Mi corazón no podía aguantar más golpes y fue por eso que decidí guardarlo en el cajón, con todos esos recuerdos que prometí olvidar. No más ir a la cancha, no más partidos por la tele, ni siquiera un picadito con amigos. Pero arrancarse el corazón, tiene un precio. Dejé de sentir, y eso era lo que quería, aunque mi familia, mis amigos, no lo entendieran. Me llevaron a distintos doctores, me hicieron estudios, a mi no me importaba. En realidad, ya nada lo hacía. Vivir sin emociones, significaba no más amarguras. No más tristezas y obviamente, no más felicidad, vivir en un gris eterno. Día tras día, tras día y nada. Ni mi mujer, ni mis hijos podían generar algo. Mucho menos mi trabajo, o mis amigos.
Pensaban que estaba enfermo, que estaba loco, que estaba depresivo. Y estaban en lo correcto, todo eso estaba, antes de que me haya descorazonado. Después, de la cirugía ya no estaba ni loco, ni enfermo, ni vivo. Sin corazón no estaba ni bien, ni mal, simplemente estaba.
Les juro que no sentí nada por más de un año, no había nada que me hiciera reír o llorar. Nada podía moverme un músculo, hasta que vi esa tapa del diario. Esa maldita tapa, tirada en la mesita del consultorio del médico, mientras este hablaba y me mostraba imágenes sin sentido. No me acuerdo ni el día ni la fecha, ni que diario era. No me acuerdo ni siquiera la noticia principal. Pero ahí. en la esquina del papel, bien chiquitito estaba él y estaba ella. Él con su camiseta número diez, y ella de dorado, como siempre. Los grupos para el Mundial de Rusia se habían sorteado y la cuenta regresiva había comenzado. Mi corazón que estaba escondido y olvidado en algún lugar de mi casa, volvió a latir, y yo lo sentí ahí, bien en el medio de mi pecho. Estaba vivo, él — ese corazón golpeado — y yo, y los dos queríamos revancha. ¿Estábamos listos? Probablemente no. ¿Llegábamos de mejor manera,? Seguro que no. ¿Seguíamos heridos? Claro que sí. Pero si él había vuelto, nosotros debíamos hacer lo mismo.
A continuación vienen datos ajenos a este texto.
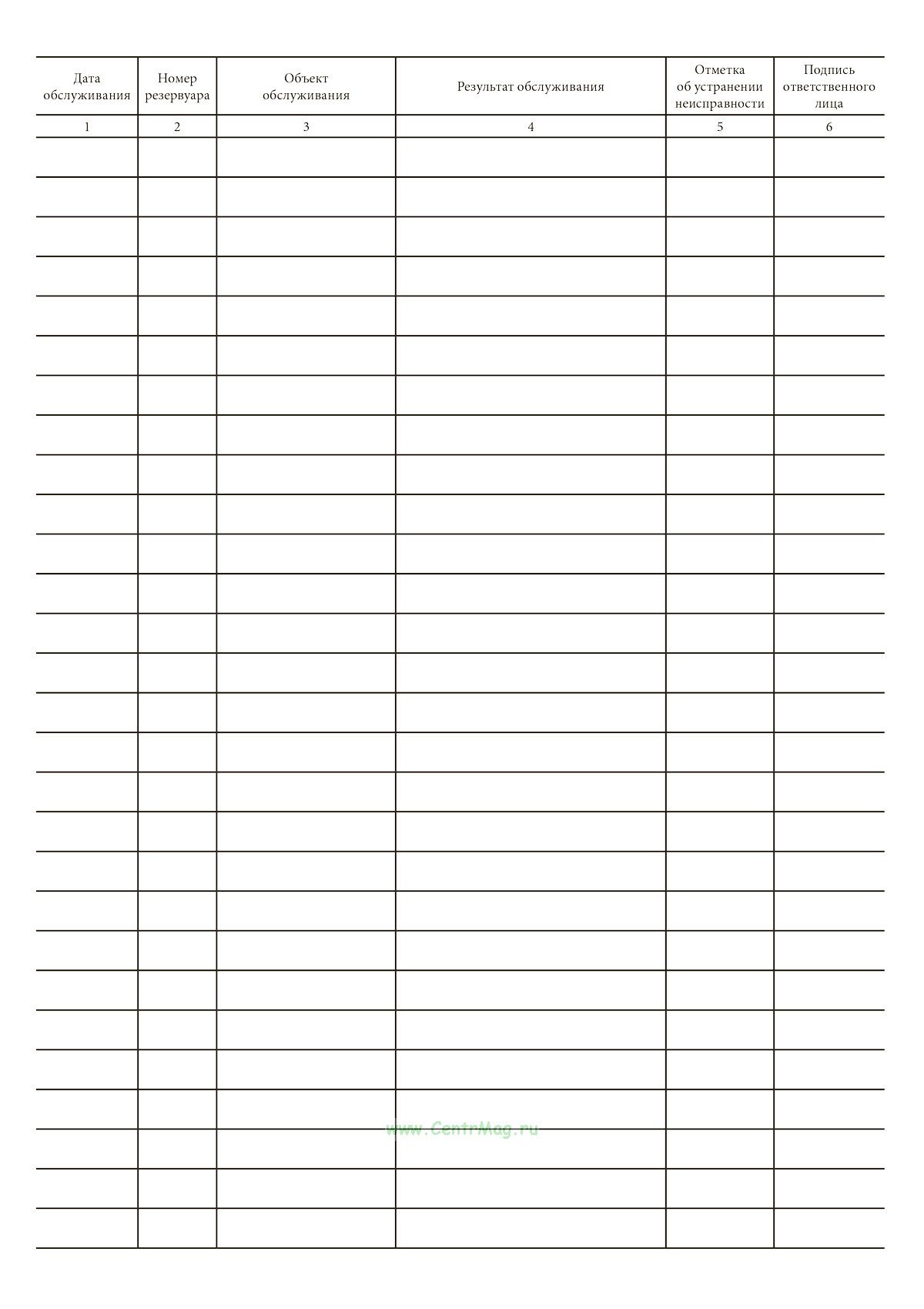 Журнал предназначен для систематической регистрации всех операций по техническому обслуживанию резервуаров, включая плановые осмотры, мелкий ремонт, проверку состояния оборудования и другие мероприятия, направленные на поддержание резервуара в исправном состоянии.

Me escapé del consultorio, subí hasta el ático de casa, donde guardamos todas esas cosas que ya nos olvidamos que están ahí, corrí un par de cajas, y ahí estaba. Abrí el cajón, sabiendo lo que iba a encontrar. Enterrado en un nido de camisetas celestes y blancas, herido pero latiendo más fuerte que nunca, con sed de revancha, con ganas de gritar goles, de cerrar bocas, de apretar dientes, de morderse las uñas, de apretar el puño, de abrazarse con otros corazones rotos.
Porque el fútbol no se trata de merecimientos, no entiende de razones, pero tal vez por esta vez, sólo por una sola vez, escuche a un corazón que está pidiendo a gritos un centro para meter un cabezazo a la ilusión. No se como nos va a ir, lo único que sé, es que hay algo que no se puede dejar de sentir. Porque el corazón necesita sangre, pero más aún, necesita algo en lo que creer.